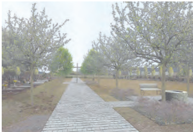
Ukázka ze studie revitalizace hřbitova a okolí.

To ještě ne, ale chceme mít právě všechno připraveno tak, abychom mohli o některé dotace požádat. Akci máme proto rozdělenou do tří etap, takže např. chceme oddělit samotnou zeleň od staveb-
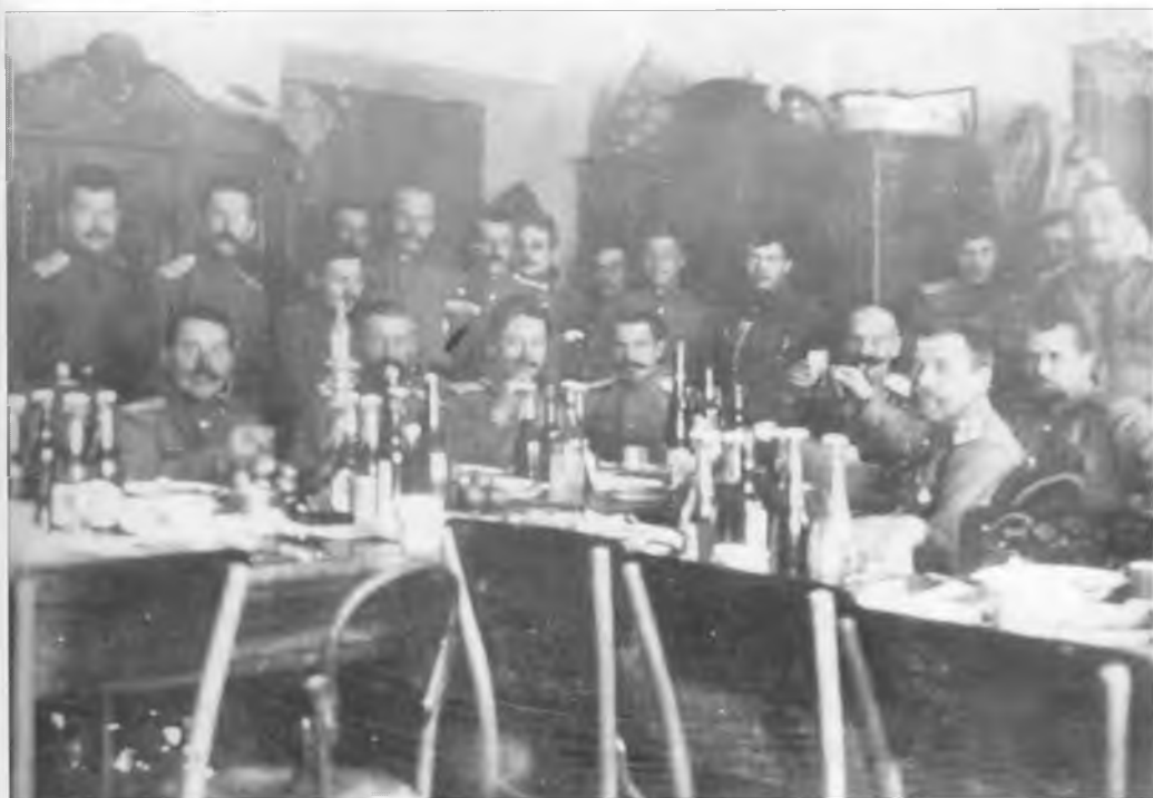
Офицеры 2-го Оренбургского казачьего полка. Разговение на Рождество. 1914 г.

## Instructions for the task
Quote verbatim the final run of lines in the material above, from the line that contains "To ještě ne, ale" through the very last line, excluding any pictures.

## Answer area
To ještě ne, ale chceme mít právě všechno připraveno tak, abychom mohli o některé dotace požádat. Akci máme proto rozdělenou do tří etap, takže např. chceme oddělit samotnou zeleň od staveb-
Офицеры 2-го Оренбургского казачьего полка. Разговение на Рождество. 1914 г.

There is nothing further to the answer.